* **Work request**
Starting at the line that contains "Researchers found that" in the listing below, write out every line word for word until you have written the line that contains "1999 $10 Gold".

======== Given records

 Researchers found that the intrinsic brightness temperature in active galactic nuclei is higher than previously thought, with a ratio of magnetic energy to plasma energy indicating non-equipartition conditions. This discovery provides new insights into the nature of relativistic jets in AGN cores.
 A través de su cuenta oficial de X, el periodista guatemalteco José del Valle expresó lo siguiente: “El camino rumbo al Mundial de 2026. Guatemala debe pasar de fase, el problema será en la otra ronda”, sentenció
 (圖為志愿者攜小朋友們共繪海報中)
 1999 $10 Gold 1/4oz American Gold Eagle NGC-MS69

================
======== Given records

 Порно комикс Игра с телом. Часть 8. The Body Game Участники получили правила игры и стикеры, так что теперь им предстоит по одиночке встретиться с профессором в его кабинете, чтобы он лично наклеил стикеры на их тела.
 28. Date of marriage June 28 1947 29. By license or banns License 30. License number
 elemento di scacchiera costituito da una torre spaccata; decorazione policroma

================
======== Given records

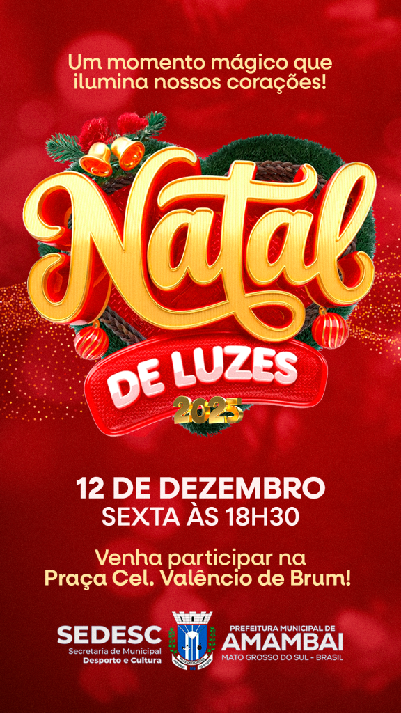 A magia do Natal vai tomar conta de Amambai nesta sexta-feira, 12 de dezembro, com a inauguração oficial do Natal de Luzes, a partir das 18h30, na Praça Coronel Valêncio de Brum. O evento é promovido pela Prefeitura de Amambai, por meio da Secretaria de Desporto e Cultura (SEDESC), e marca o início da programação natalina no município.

================

* **Response to the task**
 Researchers found that the intrinsic brightness temperature in active galactic nuclei is higher than previously thought, with a ratio of magnetic energy to plasma energy indicating non-equipartition conditions. This discovery provides new insights into the nature of relativistic jets in AGN cores.
 A través de su cuenta oficial de X, el periodista guatemalteco José del Valle expresó lo siguiente: “El camino rumbo al Mundial de 2026. Guatemala debe pasar de fase, el problema será en la otra ronda”, sentenció
 (圖為志愿者攜小朋友們共繪海報中)
 1999 $10 Gold 1/4oz American Gold Eagle NGC-MS69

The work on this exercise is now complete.